I will have my parents coming over early April and I am looking to treat them to a nice day at the beach.

I know the Hilton used to do sunlounger/toilet/shower/pool facilities with access to the beach for non-residents by means of a day pass, but they have stopped doing so.

Can anyone advise me which hotels are still offering day passes which allows the use of their facilities - situated on the beach?


----------



## Dozza

waterproof teabag said:


> I will have my parents coming over early April and I am looking to treat them to a nice day at the beach.
> 
> I know the Hilton used to do sunlounger/toilet/shower/pool facilities with access to the beach for non-residents by means of a day pass, but they have stopped doing so.
> 
> Can anyone advise me which hotels are still offering day passes which allows the use of their facilities - situated on the beach?

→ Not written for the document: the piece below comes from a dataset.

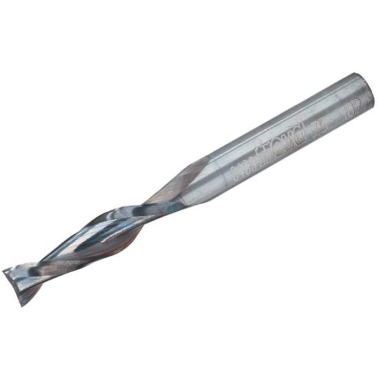 Carbide up or down spiral bits combine effective chip removal with a cut as compared to standard straight bits. Double flutes. Computer designed flutes provide the chip removal required in production settings. For cutting mortises, grooves, dadoes, and routing deep blind holes with effective chip removal. Carded.
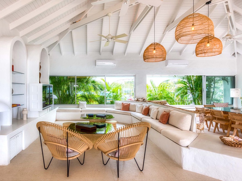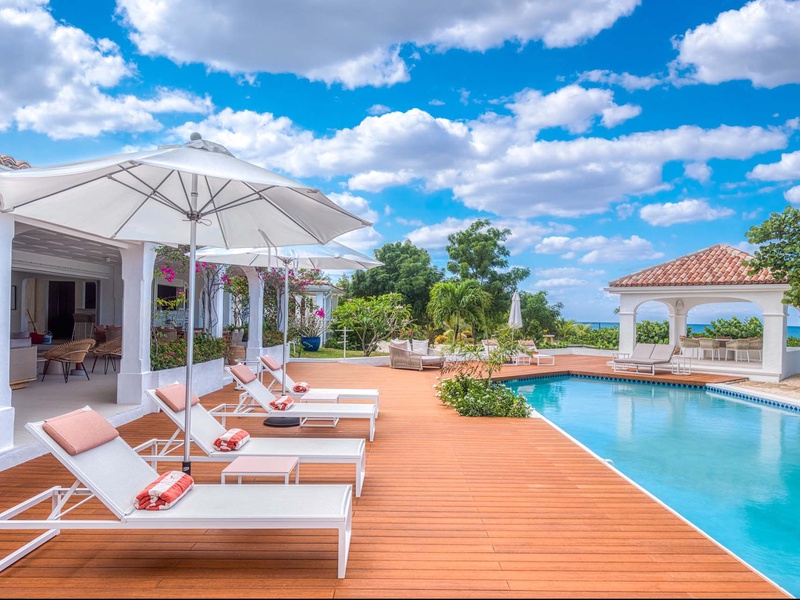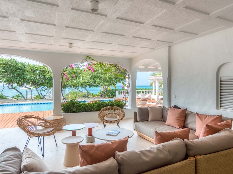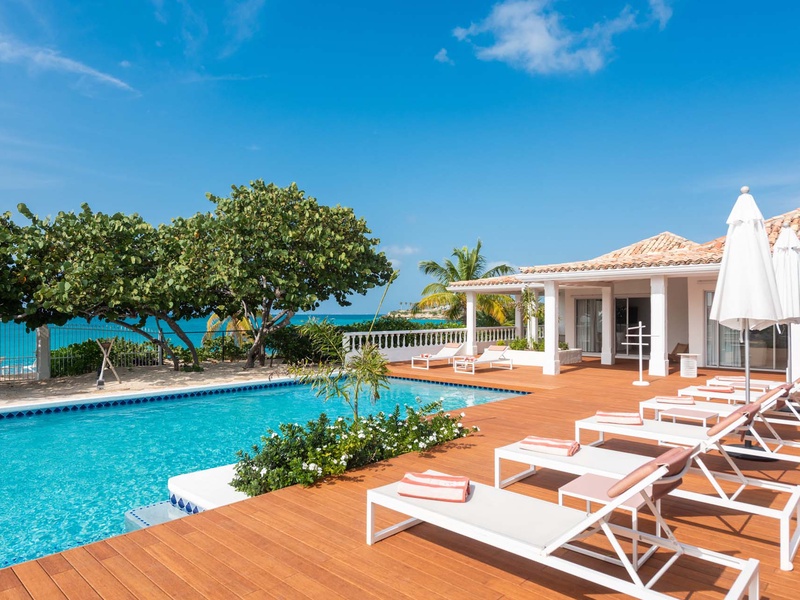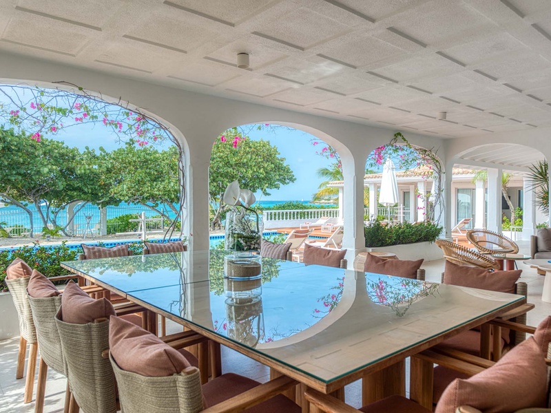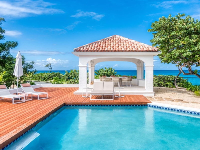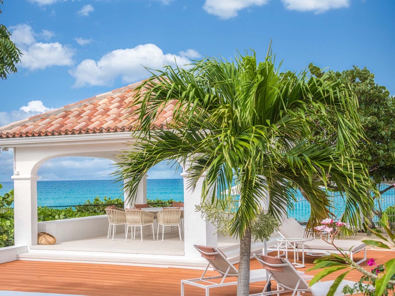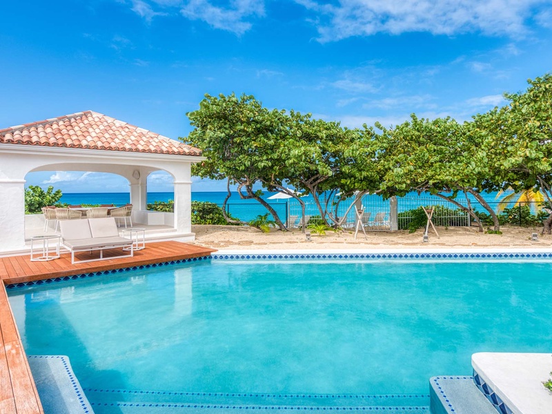Beautiful Villa La Riviera (villa code: SXM DAY) is a fabulous 5+1 bedroom St. Martin villa rental located on sublime Plum Bay Beach, with its beautiful sunsets and crystal clear water. The villa has a delightful outdoor terrace with large pool and poolside gazebo overlooking the beach and your very own tennis court on the beach! The spacious living and dining area and large adjoining gourmet kitchen open out to the terrace and enjoy the beautiful ocean view.

They must be the only ones that are not?

One & Only Royal Mirage is very nice, located just to the side on the palm..


----------



## Felixtoo2

Sheraton and Habtoor Grand will do it, Habtoor tends to be overun by overweight middle aged Russians but the upside is there partners are a lot younger and a lot slimmer!!


----------



## hawtshop

hmmm


----------



## Southak

waterproof teabag said:


> Can anyone advise me which hotels are still offering day passes which allows the use of their facilities - situated on the beach?


Almost all of them. Sheraton in the marina is ok for 150, at the other end Dubai marina hotel and spa is not bad either for 180, I've been told the one and only is pretty nice too I think its about 190. 

If you want a real treat why don't you head out to the world islands - Lebanon is open now and it is a beach club. Expensive though.


----------



## waterproof teabag

Thanks for your replies. Got these so far: 

Ritz Carlton - 500 per day
Le Meridien Mina Seyahi & Westin - 175 (week) / 250 (weekend)
Part of One & Only: The Palace & Arabian Court Pool & Beach - 300
One & Only palm island: 350 (weekday) / 500 (weekend)

Think the Westin wins.


----------



## Felixtoo2

The westin is good as you also get access to mina seyahi/barasti area next door too. The Westin has got a good variety of pools and the water in the lazy river area is always kept nice and warm.


----------



## waterproof teabag

Felixtoo2 said:


> The westin is good as you also get access to mina seyahi/barasti area next door too. The Westin has got a good variety of pools and the water in the lazy river area is always kept nice and warm.


Thanks Felix that's just confirmed my decision then! It's not that I'm tight (well I'm still Dutch lol) but one Westin beach pass + Burj Al Arab high tea in Sky Bar = not that much more than One & Only beach pass!


----------